[Beowulf] Home beowulf - NIC latencies

Sat Feb 5 19:36:20 PST 2005

At 21:27 5-2-2005 -0500, Patrick Geoffray wrote:
>Hi Vincent,
>
>Vincent Diepeveen wrote:
>>>>CPU's are 100% busy and after i know how many times a second the network
>>>>can handle in theory requests i will do more probes per second to the
>>>>hashtable. The more probes i can do the better for the game tree search.
>>>
>>>With a gigE network that sounds like 40us or so.  With Myrinet or IB
>>>it's in the 4-6us range.  If you bought dual opterons with the special
>> 
>> 
>> At the quadrics and dolphin homepage they both claim 12+ us for Myrinet.
>
>Seriously, here are MPI latencies with MX on F cards on Opteron (PCI-X), 
>that includes fibers and a switch in the middle:
>
>    Length   Latency(us)    Bandwidth(MB/s)
>         0       2.684          0.000
>         1       2.874          0.336
>         2       2.898          0.690
>         4       2.978          1.343
>         8       2.965          2.699
>        16       2.993          5.347
>        32       3.409          9.388
>        64       3.563         17.960
>       128       3.977         32.185
>       256       5.699         44.916
>
>Quadrics would be lower by a 1.5 us, I don't know about Dolphin, I 
>didn't hear about noticeable SCI clusters in a long time.
>
>> I am very impressed by the quadrics and dolphin cards. Probably by
>> infinipath too when i check them out. Will do. 
>> 
>> I'm not so impressed yet by myrinet actually, but if cluster builders can
>> earn a couple of hundreds of dollars more on each node i'm sure they'll
do it.
>
>I don't think Myrinet would be the cheapest, I am sure you can get a 
>better deal from desperate interconnect vendors.
>
>What does not impress you in Myrinet ?

Thanks for your kind answer Patrick,

Obviously i mentionned that number because i read it elsewhere.

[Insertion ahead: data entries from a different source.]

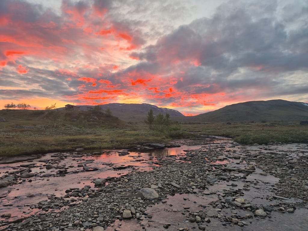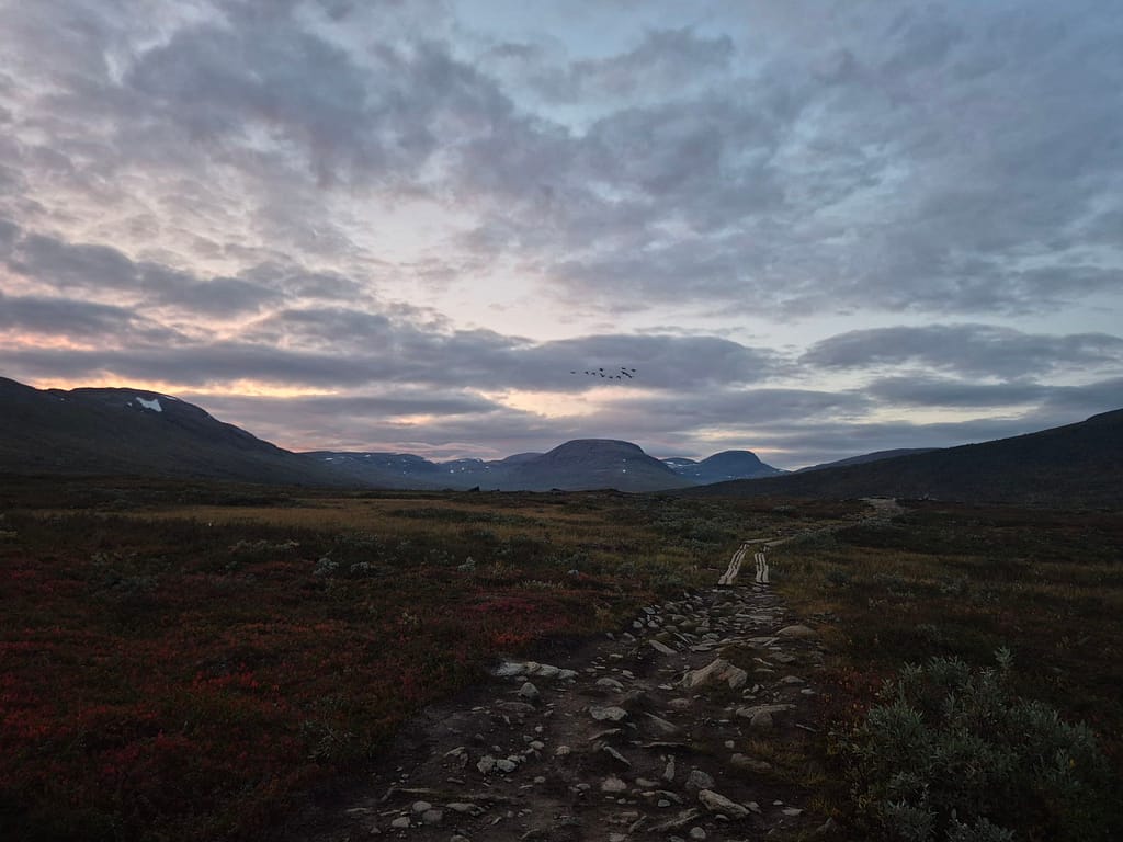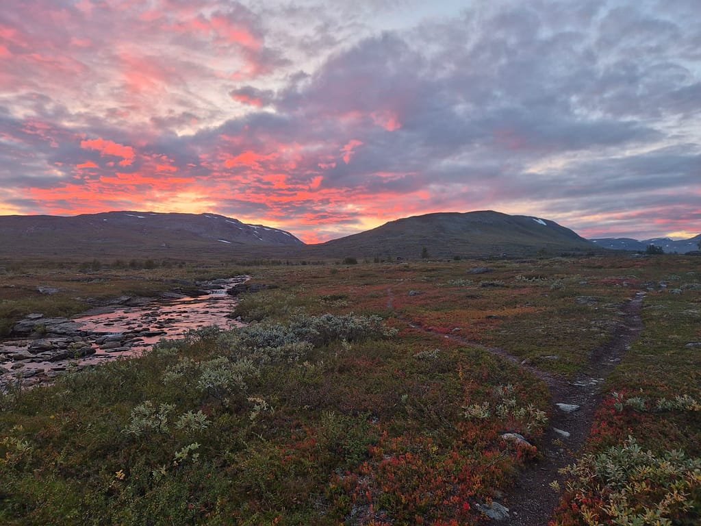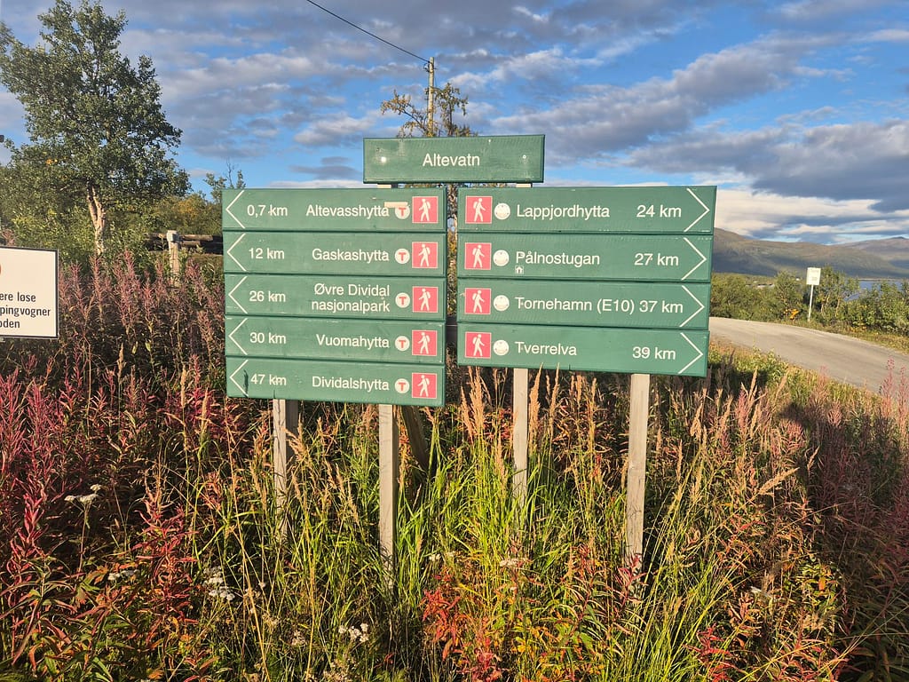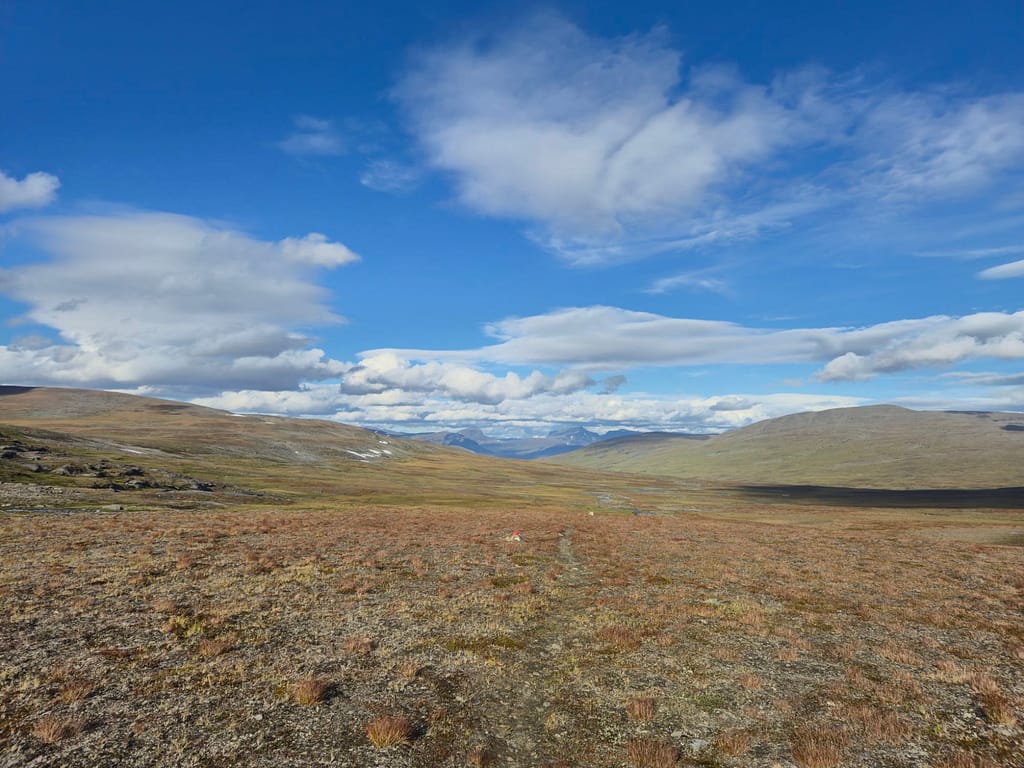 Flybilletten hjem er bestilt fra Honningsvåg 29. September. Jeg stresser litt med tiden, men fikk høre at sammenlignet med Marius og Bengt som gikk samme veien i 2024 så har jeg 4 dager mer å gå på for den siste biten. Dette hjalp på stressnivået og jeg er optimistisk for fremdriften. Det vil likevell bli gode etapper fremover, stort sett med dagsetapper på 30 km eller mer.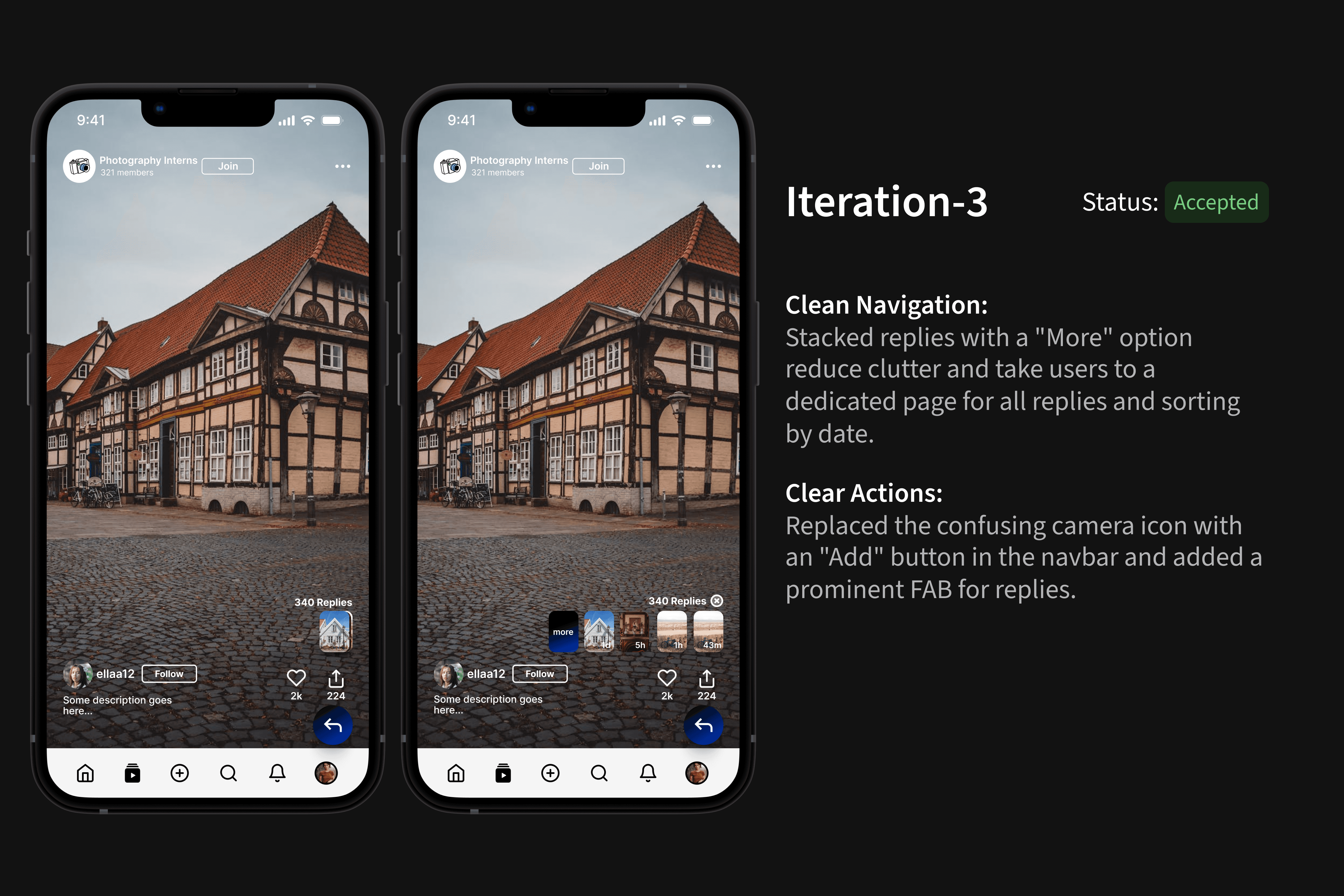Imagine an app with great potential but no clear design to guide its users. Replied had the functionality like groups, feeds, and reply threads etc, but lacked the structure and design to make those features intuitive and engaging.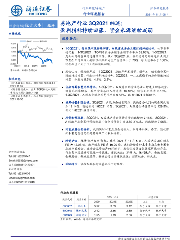【海通证券】【20211108】房地产行业3Q2021综述:盈利指标持续回落,资金来源继续减弱-26页 行业研究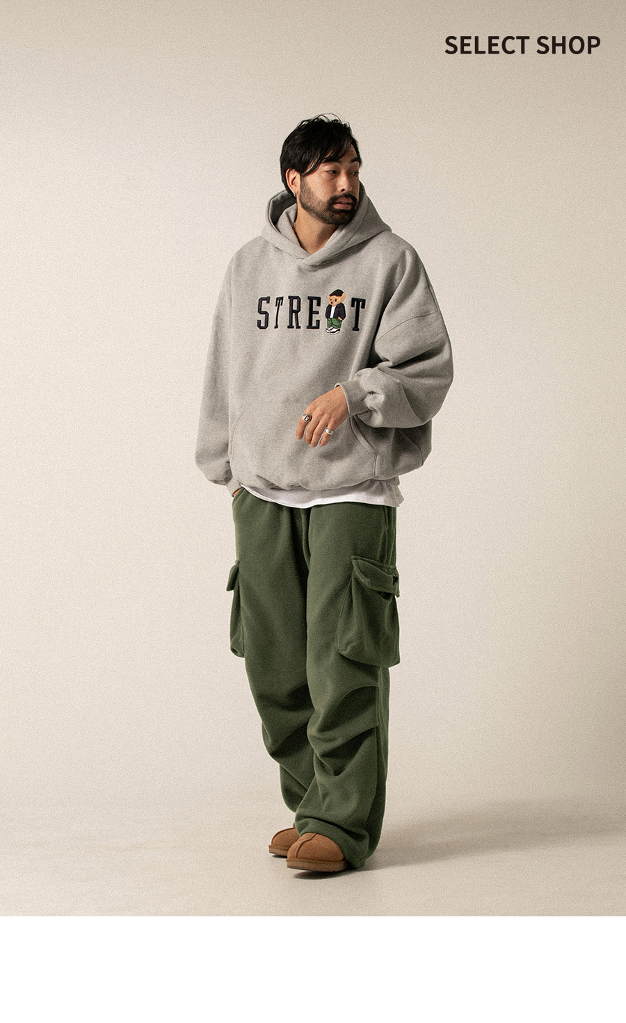 ⦁ 양 사이드의 카고 주머니 디테일은 실용적인 수납을 도와줄 뿐만 아니라, 워크웨어 스타일의 감각적인 포인트를 더해줍니다.

Well a number of points bother my mind from which majority is true for
others as well. But first let me note that i'm not against myrinet in
general. I am just trying to solve a very specific case. For that specific
case i'm not so impressed.

Note that so far i didn't find any desperate vendor. For sure quadrics
doesn't look desperate to me, they aren't even selling old cards anymore
though they must have still thousands of them lying at home from returned
upgraded networks. Finding second hand highend cards seems to be very seldom.

First of all i'm interested in how quick i can get 4-64 bytes from remote
memory. So not from some kind of network card cache, as myrinet doesn't
have some megabytes on chip, but just a few tens of kilobytes. The memory
has to come therefore from the remote nodes main memory, at a random adress
in the main memory. No streaming at all happens. that 400 ns extra that the
TLB gives is definitely not the problem i guess. 

The problem for me is to understand: "how do you get that memory at a
cluster?"

A latency on paper says of course nothing when you can't actually get it
within that time.

"Paper supports everything."
    Arturo Ochoa (Caracas, Venezuela)

I hope everyone realizes that an important consequence from beowulf
clusters is that you actually want to *use* all those cpu's you have to
your avail.

So every cpu has a program running that eats 100% system time. Because if
it wouldn't use 100% system time, you wouldn't need a cluster!

>From that 100% system time obviously you must be prepared to give away some
to serve other nodes as quickly as possible doing a read. 

All latencies i see quoted at all hardware sites, it is very hard to figure
for me out whether that's a latency that is supported by paper, or whether
it's a practical latency i can take into account as a programmer with all
software layers overhead when each cpu is 100% running a program.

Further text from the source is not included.